Summary. The paper claims that secure RAG is fundamentally about the security of the external knowledge-access pipeline. It establishes an operational boundary to separate inherent LLM flaws from RAG-introduced or RAG-amplified threats. The RAG workflow is abstracted into six stages and organized around three trust boundaries and four primary security surfaces (pre-retrieval knowledge corruption, retrieval-time access manipulation, downstream context exploitation, and knowledge exfiltration).

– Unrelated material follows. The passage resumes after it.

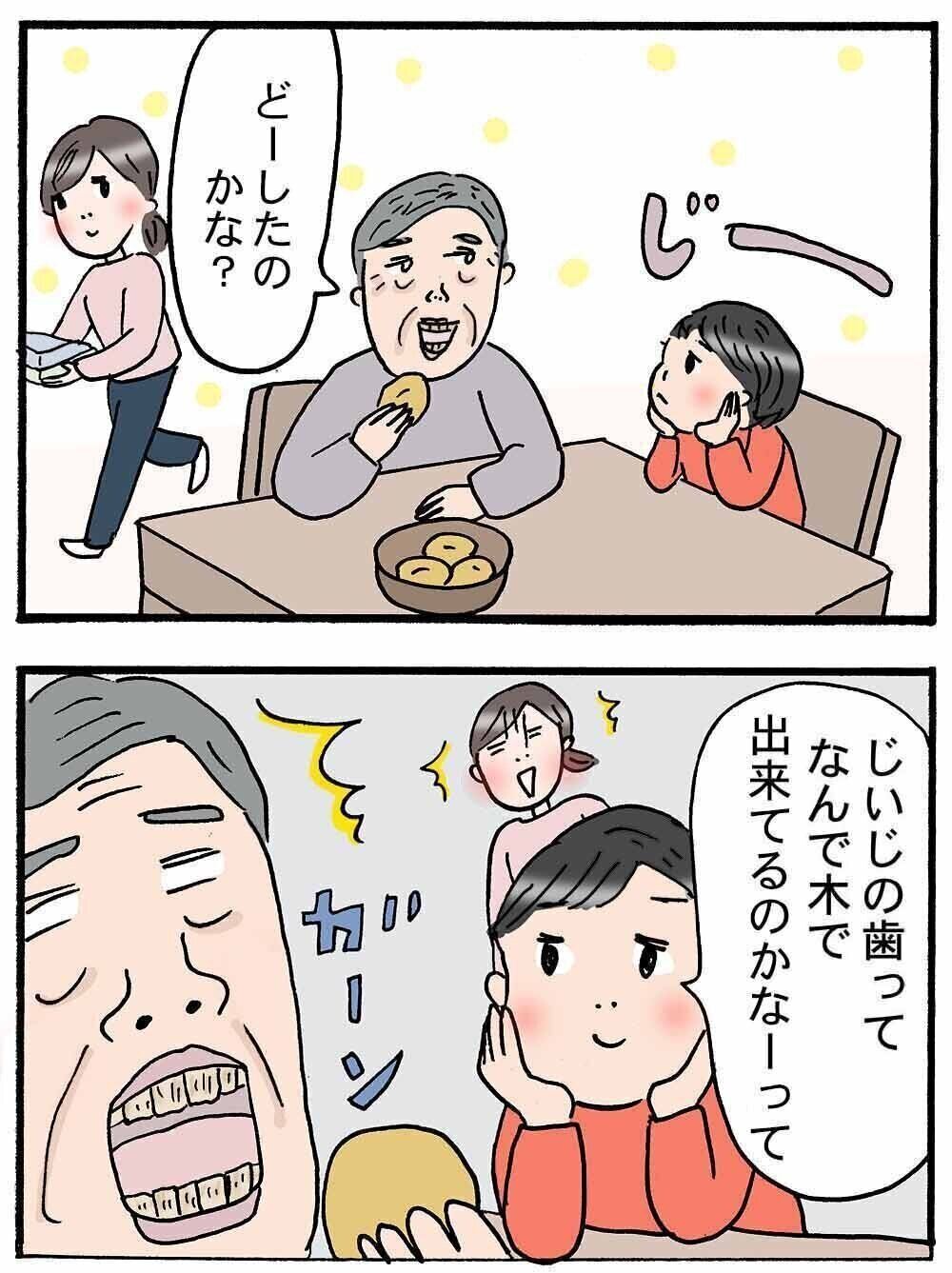 たしかにじいじの歯は私を上回る茶色さです。息子には木に見えたようでした。笑

Through a systematic review of attacks, defenses, remediation mechanisms, and evaluation benchmarks, the paper reveals that current defenses remain largely reactive and fragmented, and discusses future directions toward layered, boundary-aware protection across the knowledge-access lifecycle.

Significance. If the taxonomy comprehensively captures RAG-specific threats without substantial overlap or omission, the work supplies a useful organizing framework that clarifies the distinction between LLM-inherent and RAG-specific risks. This separation can help focus future security efforts on the external knowledge pipeline. The survey of attacks, defenses, and benchmarks, together with the identification of reactive and fragmented defenses, could usefully guide research toward more integrated, boundary-aware protections. The paper's conceptual contribution is its operational boundary and staged workflow abstraction.

major comments (2)

[RAG workflow abstraction and trust boundaries section] The section describing the RAG workflow abstraction into six stages and the organization under three trust boundaries and four security surfaces: the paper does not articulate explicit inclusion criteria or a repeatable derivation process for these categories, which is load-bearing for the central claim that the taxonomy separates RAG-introduced threats from LLM flaws without significant omission or overlap.
[Survey of defenses section] The section surveying defenses and remediation mechanisms: the claim that defenses 'remain largely reactive and fragmented' is central to the call for future directions, yet it rests on a qualitative synthesis without stated criteria for classifying a defense as reactive versus proactive or for quantifying fragmentation (e.g., no enumeration of defense types or overlap metrics).

minor comments (3)

[Abstract] The abstract states that the literature is 'systematically reviewed' but does not indicate the search terms, databases, or date range used; adding this information would allow readers to assess coverage.
[Introduction and taxonomy sections] The terms 'trust boundaries' and 'security surfaces' are used throughout without an initial consolidated definition or glossary; a brief formal definition at first use would improve accessibility.
[Future directions section] The future-directions discussion lists high-level recommendations but does not map them back to specific security surfaces or stages; adding such a mapping would strengthen the link to the proposed taxonomy.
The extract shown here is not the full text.